• **Dataset extract**:
+---+
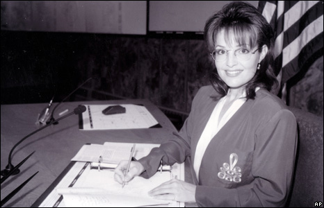 Trong hình là bà Sarah Palin khi còn là thành viên hội đồng thành phố ở Alaska hồi giữa những năm 90. Được biết bà đã tiêu xài tới 150 ngàn đôla từ tiền của đảng Cộng hòa nhằm cải thiện hình ảnh.
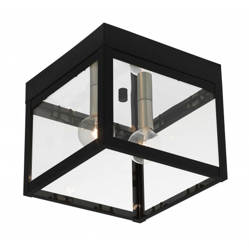 The dramatically simple shape and bold lines help define our Nyack ceiling mount. Featured in a black finish, this outdoor ceiling mount has panels of clear glass.
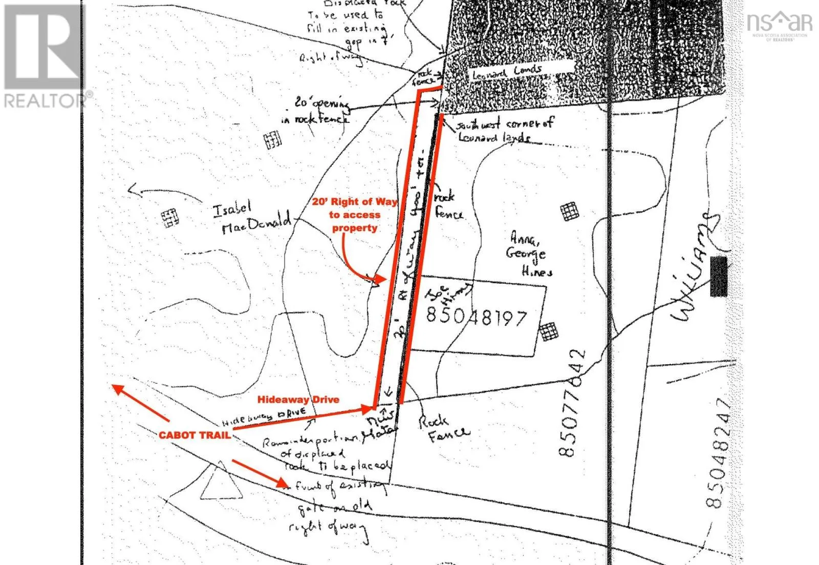 Following Cabot Trail, watch for Hideaway lane on the water-side of the Cabot Trail at civic #39223 Cabot Trail. Take an immediate left to follow a single-lane dirt road and follow it until you see a driveway to your left. Red Arrow sign should be present on the property. Can follow driveway to level area near cliffs top properties. 14+ ACRES of Land with 700ft of WATERFRONT providing UNBEATABLE VIEWS toward Middle Head Peninsula, Ingonish Beach, Freshwater Lake & Ingonish Harbour. This acreage features towering views from the top of the property with ample level area for building on many choice locations The rugged and high coastline is only a short jump off of the Cabot Trail. Accessed through an established laneway. Located in Ingonish Ferry, near the Cabot Breton Highlands National Park, Ski Cape Smokey & famous Ingonish Beach. This property is mostly level nearest the Cabot Trail and slopes gently upward from the laneway, towards a large level area at the top. Overlooking the ocean in one direction and in the other, the land slopes towards the harbour which provides beautiful peaceful viewing opportunity towards the Marina & over the harbour. The property is easy to walk and access for viewings and should be seen to be fully appreciated. You can not beat these views and the driveway has been started to access some of the best locations. Call your agent today for more information and grab your piece of Ingonish acreage. (id:27476)
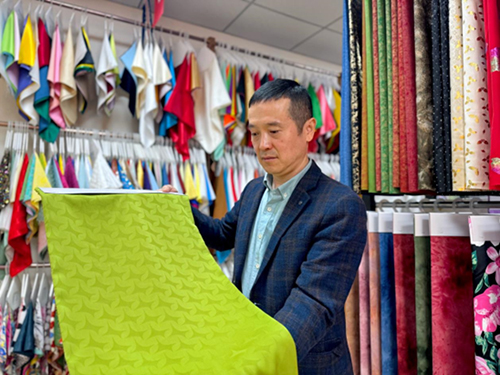 在廖新芳看来,面向全球市场没有“通用方案”,成功的关键在于为不同客户提供不同的产品。他介绍说:“我们日常做的就是深入了解各地客户的具体需求。比如,中东客户集中采购的是深色长袍和头巾布料;东南亚气候湿热,那边客户反复强调的是面料的鲜艳度和透气性;而南美客户下单时,则非常关注泳衣印花的色彩和工艺......” 正是基于对这些具体需求的清晰把握,阳槐纺织能够进行针对性的产品开发和备货,从而更准确地满足订单需求,这构成了他们服务客户的基础。
+---+
Leave out the pictures and repeat exactly the lines from the first line of the data through the line containing "The dramatically simple". Add nothing else.

• **Expected answer**:
 Trong hình là bà Sarah Palin khi còn là thành viên hội đồng thành phố ở Alaska hồi giữa những năm 90. Được biết bà đã tiêu xài tới 150 ngàn đôla từ tiền của đảng Cộng hòa nhằm cải thiện hình ảnh.
 The dramatically simple shape and bold lines help define our Nyack ceiling mount. Featured in a black finish, this outdoor ceiling mount has panels of clear glass.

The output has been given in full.